Which is to say, the baseline vanilla setting of Midnight is well done. It elevates the game's high concept. But at the same time, it needs that high concept in order to be worth my time. That's no great fault, though. I could say the exact same thing about Earthdawn, and that's one my favorite games.

Although, sticking so close to vanilla fantasy does come with a cost, even beyond just being unfairly judged as "generic" (not that I would ever do such a thing ::innocent look::). When you do vanilla fantasy (or even just weird fantasy with vanilla elements), you are also subject to much of vanilla fantasy's political baggage. The big one, of course, being racial essentialism. 

This is another book that really tasks my knowledge of the subject. If it were purely bad, that would be easy for me. The year 2005 is recent enough that rpg writers really should have been questioning the way race is used in fantasy, but it was also long enough ago that we can take it for granted that they weren't. "Midnight's handling of fantasy race was no better and no worse than main-line D&D's at that same period of history" would have been an easy take for me to have. Unfortunately, it's 100 percent wrong. It is both better and worse, and I'm not sure what to do with that.

On the "better" side, it has a crude version of the ancestry/culture split that is our current best practice. You get your universal elf or dwarf or halfling traits, but then you also get a second set of traits that depend on whether your elf lived in the north or the center or the south, or whether your halfling was from a settled or nomadic group. And when it comes to mixed characters, half their traits are innate and half depend on which parent raised them.

However, the universal traits include among them things that really shouldn't be universal, like weapon proficiencies and familiarity with metalwork. And maybe even worse is the reverse - things explicitly labeled as cultural tendencies that would just be massively problematic, even as a physical difference - like adjustments to mental attributes. Worst of all, they do this to human cultures, making the typical "these humanoids are strong, but have a penalty to intelligence" subtext into outright text.
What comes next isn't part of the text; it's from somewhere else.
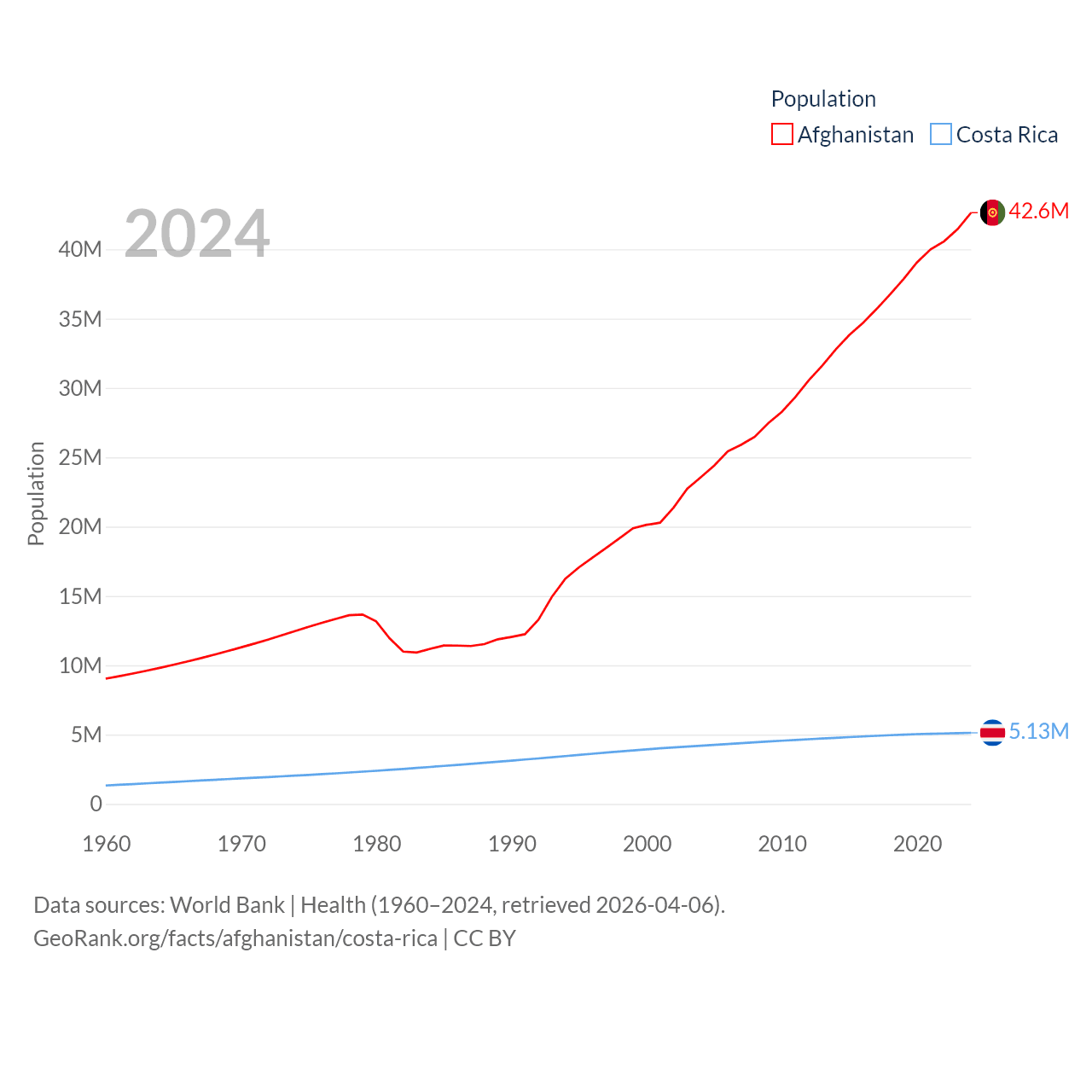 Afghanistan has a population of 42.6M (ranked 36/197), compared with 5.13M in Costa Rica (ranked 126/197). Afghanistan's land area is 251,827 sq mi versus 19,714 sq mi for Costa Rica (ranked 40th vs. 126th).

On the other hand, the humans they do it to are the whitest ones in the setting, and I'm not sure that having your Viking guys get +2 Str, -2 Int is actually going to be much of a deterrent. Sure, it's an insult to the historical Vikings these guys are transparently based off of. And it validates the worst kind of race science by outright saying that there are humans with less than full human intelligence, theoretically opening the door for more outrageously racist culture depictions in the future. But, it's hard to believe that someone who was intrigued by this Viking-esque character type is going to be upset that they have to play a big, dumb Viking. Giving the Arab-inspired Sarcosans a bonus to Charisma and Intelligence is arguably worse (a 40% swing in average intelligence, explicable only by culutre . . . yikes).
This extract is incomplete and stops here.